The answer is that states can adopt laws that provide greater protections for a fundamental right than are provided by the federal system. Federal law cannot preempt state law when the federal law or act itself is unconstitutional. When the FDA silences truthful, scientific speech about lawful treatments, it is violating the constitutional right to free speech.

The Constitution provides a basic minimum of legal protection for individual rights, leaving states free to establish greater protections if they wish—a floor, not a ceiling. This was by design: America’s founders envisioned the federalist system providing a “double security … to the rights of the people” by enabling each state to “exercise its police power or its sovereign right to adopt in its own Constitution individual liberties more expansive than those conferred by the Federal Constitution,” as Chief Justice William Rehnquist noted in his 1980 opinion in Pruneyard Shopping Center v. Robins. As Justice William Brennan wrote in his classic 1977 Harvard Law Review article “State Constitutions and the Protection of Individual Rights,” state constitutions “are a font of individual liberties, their protections often extending beyond those required by the Supreme Court’s interpretation of federal law.” States can therefore “respond, through the enactment of positive law” to protect the rights of citizens “without having to rely solely upon the political processes that control a remote central power.”

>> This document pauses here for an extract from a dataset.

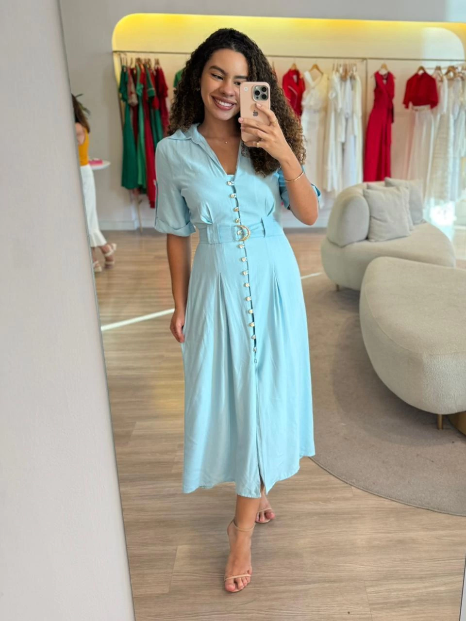 A chemise em tecido estruturado, com botões e faixa, é a escolha certa pra um look elegante e cheio de presença.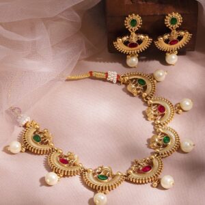 Jewellery Set: One of the most versatile forms of ornate designs that goes well with every style and personality. Wear one of these and you do not have to worry about any other accessory. Occasion : Bring your style to a whole new level with this handcrafted piece of jewellery. When you’re celebrating a special Occasion : – a birthday, wedding, or personal milestone – this piece adds that extra something that makes us feel special and looking our best. Material : & Care Dimension :Size : Necklace : 21 cm, Earrings : 3.5 cm Material: Brass Net Weight: 57.47 Gram Net Quantity: 1 Necklace & 1 Pair of Earrings Care Label: It is advisable to avoid contact with water and organic chemicals i.e. perfume sprays. Store jewellery in airtight box. After use, wipe the jewellery with soft cotton cloth.

State constitutions already provide broader protections for free speech, property rights, and the right to privacy than their federal counterpart does. And the Supreme Court has recognized that “regulation of health and safety is ‘primarily, and historically, a matter of local concern.’ ” While federal officials can sometimes override state choices, states have “great latitude … to legislate as to the protection of the lives, limbs, health, comfort, and quiet of all persons.” Thus, states can protect the rights of doctors, patients, and medical professionals to share truthful information about legal medical treatments.

The Grand Canyon State recently took the first step toward using this power to protect the freedom to share information about off‐​label uses. Last March, Gov. Doug Ducey signed the Free Speech in Medicine Act, a new state law that safeguards the free speech rights of those in the medical field to share truthful research and information about alternative uses for FDA‐​approved medicines. The act passed the state legislature with unanimous bipartisan support and made Arizona the first state in the country to enact this protection. It will expand the number of treatment options in doctors’ toolkits, enhance patients’ medical autonomy, and increase access to health care.

The act was an obvious and uncontroversial reform. When doctors are fully informed about the lawful treatment options available to them, they can best serve their patients’ individual needs. The law applies only to truthful communications, meaning information that is “not misleading, not contrary to fact, and consistent with generally accepted scientific principles.”

Some might argue that the new law does not go far enough, given that it only applies to communication between pharmaceutical manufacturers and licensed professionals, and does not allow pharmaceutical manufacturers to advertise off‐​label uses directly to the public. Patients will have to rely on doctors to receive, digest, and translate that information for their use. Nevertheless, the act is a major step forward in the effort to rescue patients and medical professionals from the FDA’s gag rule.

As the Supreme Court put it 40 years ago in Virginia Board of Pharmacy v. Virginia Citizens Consumer Council, “Information is not in itself harmful.… People will perceive their own best interests if only they are well enough informed, and … the best means to that end is to open the channels of communication rather than to close them.” This is especially true in cases where the thing being communicated—here, prescribing off‐​label treatments—is itself lawful. Or, to borrow a line that the Court attributed to a Vermont doctor, “We have a saying in medicine: information is power. And the more you know, or anyone knows, the better decisions can be made.”